** Opening Recorded data block **

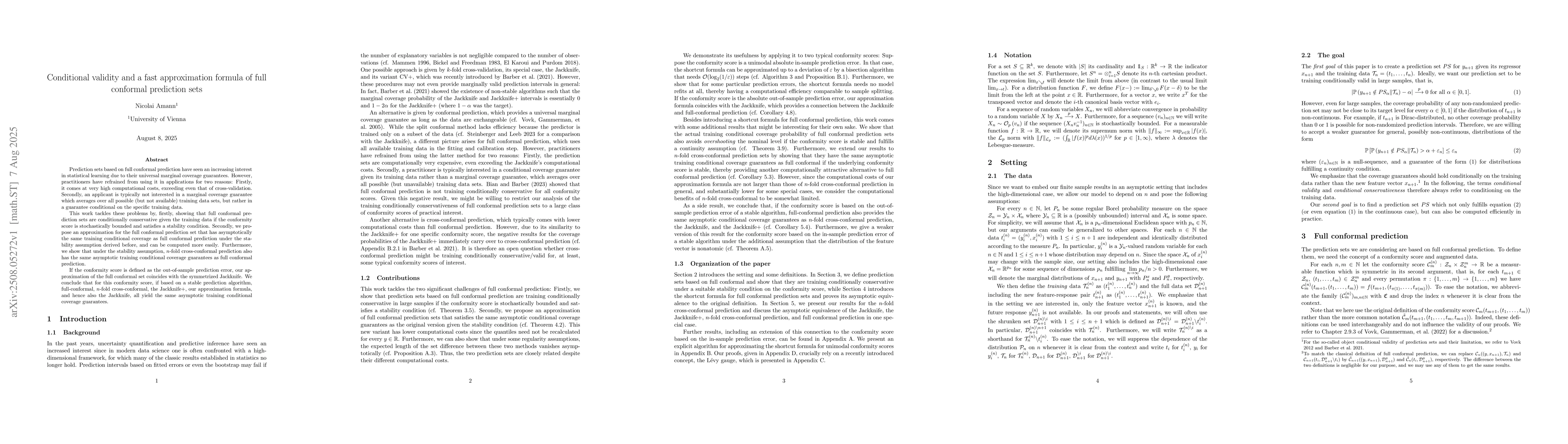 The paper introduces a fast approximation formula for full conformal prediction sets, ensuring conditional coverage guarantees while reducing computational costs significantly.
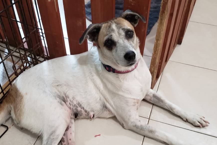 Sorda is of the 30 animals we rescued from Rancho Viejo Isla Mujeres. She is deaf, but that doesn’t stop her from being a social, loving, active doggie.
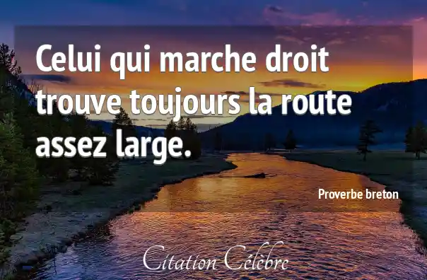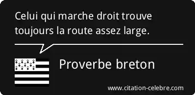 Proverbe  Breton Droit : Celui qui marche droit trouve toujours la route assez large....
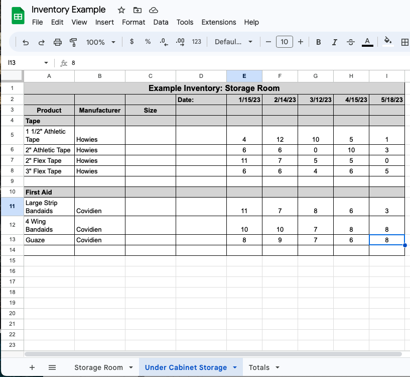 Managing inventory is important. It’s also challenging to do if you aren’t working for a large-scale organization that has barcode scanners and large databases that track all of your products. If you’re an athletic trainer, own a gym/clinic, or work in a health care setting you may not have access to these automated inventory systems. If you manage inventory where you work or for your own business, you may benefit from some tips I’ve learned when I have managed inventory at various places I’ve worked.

** Closing Recorded data block **

- What the task asks: Exactly the lines starting at the one above with "Sorda is of" and ending at the one with "route assez large...." should be printed, and nothing else. Omit the pictures.

- Result of the exercise:
 Sorda is of the 30 animals we rescued from Rancho Viejo Isla Mujeres. She is deaf, but that doesn’t stop her from being a social, loving, active doggie.
 Proverbe  Breton Droit : Celui qui marche droit trouve toujours la route assez large....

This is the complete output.